Si è sciolto il sangue di San Gennaro a Napoli. Si è ripetuto il miracolo di dicembre del Santo patrono del capoluogo campano, prodigio che segue quelli di maggio e di settembre. Alle 10.15 gli applausi e lo sventolio di fazzoletti bianchi hanno annunciato l'avvenuta liquefazione del sangue del Santo. La tradizione legata al miracolo di dicembre, il cosiddetto "miracolo laico", si rinnova dal 16 dicembre 1631: in quella data San Gennaro secondo la tradizione e la fede popolare avrebbe bloccato la lava che dal Vesuvio si stava dirigendo verso la città. Il miracolo si definisce "laico" perché avviene all'interno della Reale Cappella del Tesoro di San Gennaro, una porzione del Duomo di Napoli che non è di proprietà della Curia ma è gestita dalla Deputazione di San Gennaro che afferisce alla città di Napoli e a tutti i napoletani.

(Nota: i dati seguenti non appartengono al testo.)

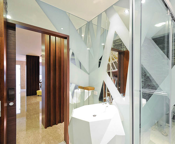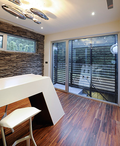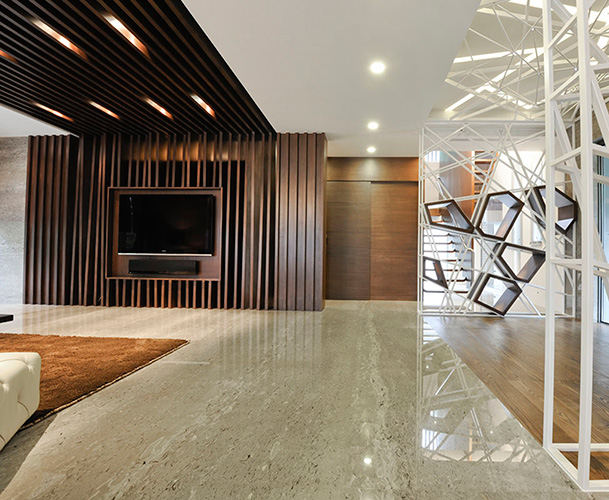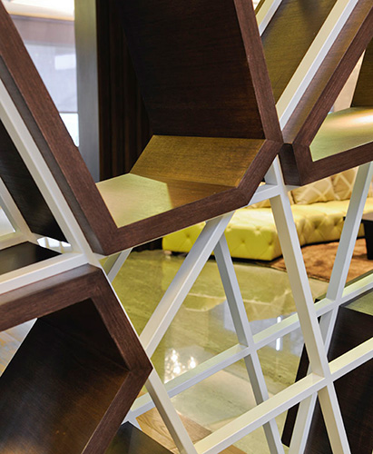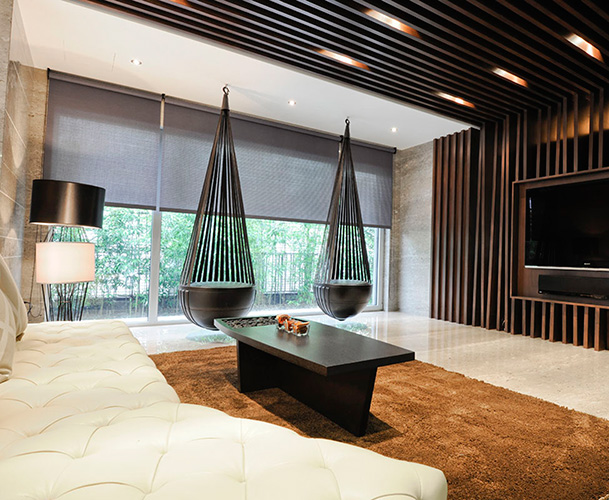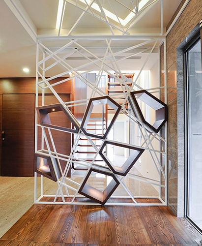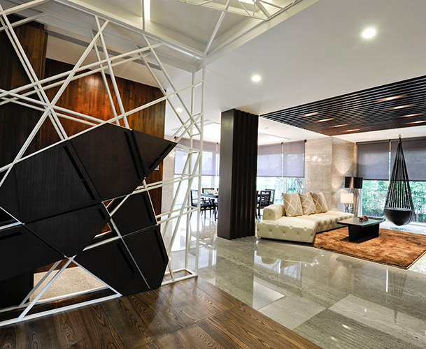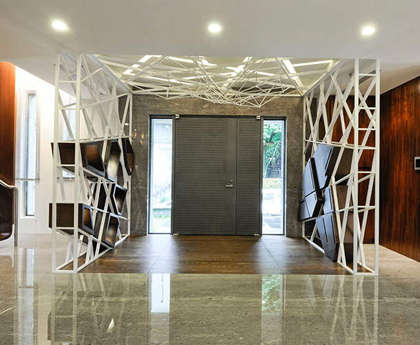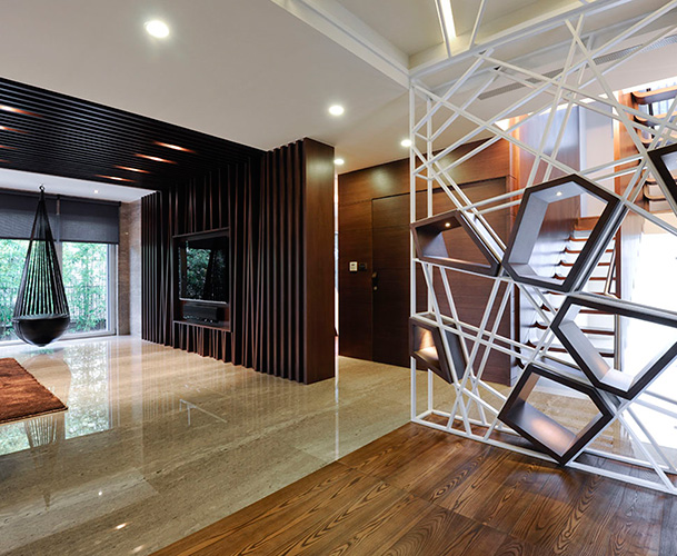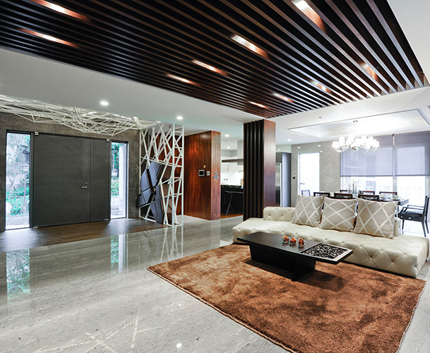 設計理念/ 內外合一的極致空間,位於新店山上的別墅,取室外的山間景致延伸至室內,光影變化的簍空趣味性,演變玄關入口的迎賓隔屏,樹枝狀的結構簡化成書架的造型不只有趣也相兼實用性,並將客戶的兒時回憶盪鞦韆結合到客廳,讓孩子童年也延續著自己的記憶。
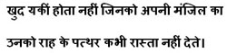 In conclusion, I take this opportunity to once again thank you with all humility, for the unstinted support you have extended to me at every stage. Your cooperation had always been forthcoming and was a source of great strength for me. I will demit office of the President on 25th of July but your respect, love and affection will always remain with me as fond memories. All of you must continue with your work with a sense of purpose and steadfastness to reach your goal. Without a goal, obstacles are difficult to overcome. Lok Sabha Speaker, Shrimati Meira Kumarji is very good at reciting shero-shayari. Therefore, motivated by her, I will recite a couplet in this context:

Il prodigio della liquefazione del sangue di San Gennaro si ripete tre volte l'anno

Il prodigio della liquefazione del sangue di San Gennaro avviene (o non avviene, nel qual caso secondo la tradizione popolare è segno di disgrazia) in tre date precise: il sabato che precede la prima domenica di maggio, il 19 settembre, giorno della festa del Santo patrono a Napoli e appunto il 16 dicembre. Quest'anno i napoletani (naturalmente tutti coloro che credono nel prodigio) possono tirare un sospiro di sollievo: il Santo ha ripetuto il miracolo.